Thursday, January 23, 2014

Solitary.

CN Blue - I Will Forget You

It was quite dramatic how I was listening to this while scrolling my Instagram timeline to find my (ex) crush's picture with his future (insyaAllah) significant other with such long and sweet caption. I find it really cute and thought I was in some kind of Korean drama scene with a music playing at the back. Hahaha you can tell I've been watching too much of em eyy. 

Been 3 nights of my stay at Kaklong's in Johor. With the lack of sufficient (lol) Internet connection and bundles of movies and TV shows collection I have in my hard disk my life is indeed dull yet I feel most contented somehow.
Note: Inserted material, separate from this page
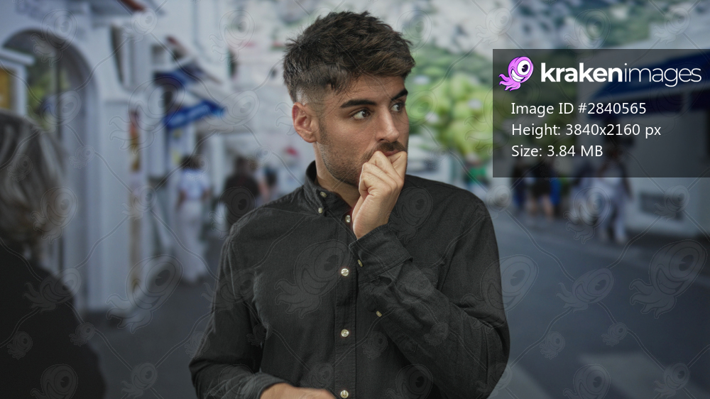 Young hispanic man in dark shirt clenches fists near chin in street with blurred pedestrians behind; anxiety.
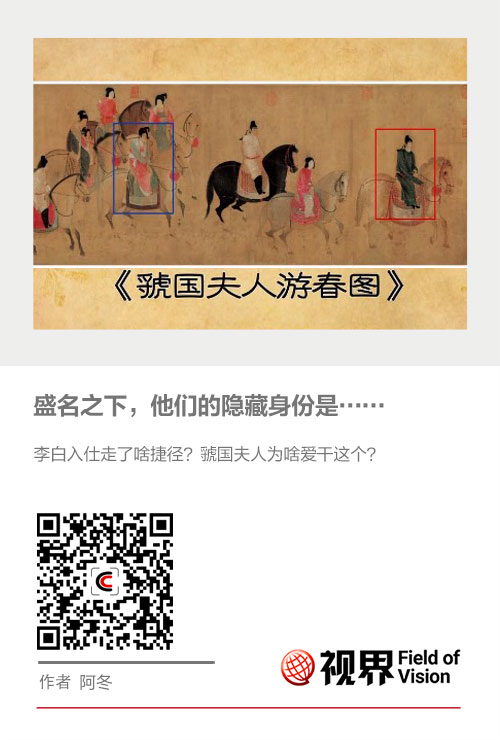 画中走在队伍最前面,骑着五花马,穿男装的这位就是杨贵妃的三姐,虢国夫人。杨玉环的美貌就不用说了,姐姐虢国夫人也不逊色。诗人张祜在诗中描绘了《虢国夫人游春图》的情境。

To be away from people and to be in my own solitude world. I just made myself sounded so lonely haven't I? But I don't really mind this loneliness. I choose to be alone, and there's a difference between being lonely and being alone. 

For as long as I know, I just can't wait to finish my 4 years of degree and fly abroad. I feel like I'm gonna be able to know and recreate myself better there. I know I'm not suppose to rely my now on my future but this is one of the things that I can't control. Maybe I can, but I'm not letting myself to. I know I know, I've watched too many dramas and movies to not know many wise words. To have my teachers to be made out of the characters in dramas' experiences, I guess you can say how really really lonely this girl might be no? 

Maybe. But I don't mind. Allah is here with me at all time. So I don't mind keeping my own company :) 

It has never been one single day that I don't imagine of myself bein in the UK in another (perhaps) 48 months. InsyaAllah, I'll works hardest and smartest to make this dream come true. Amin.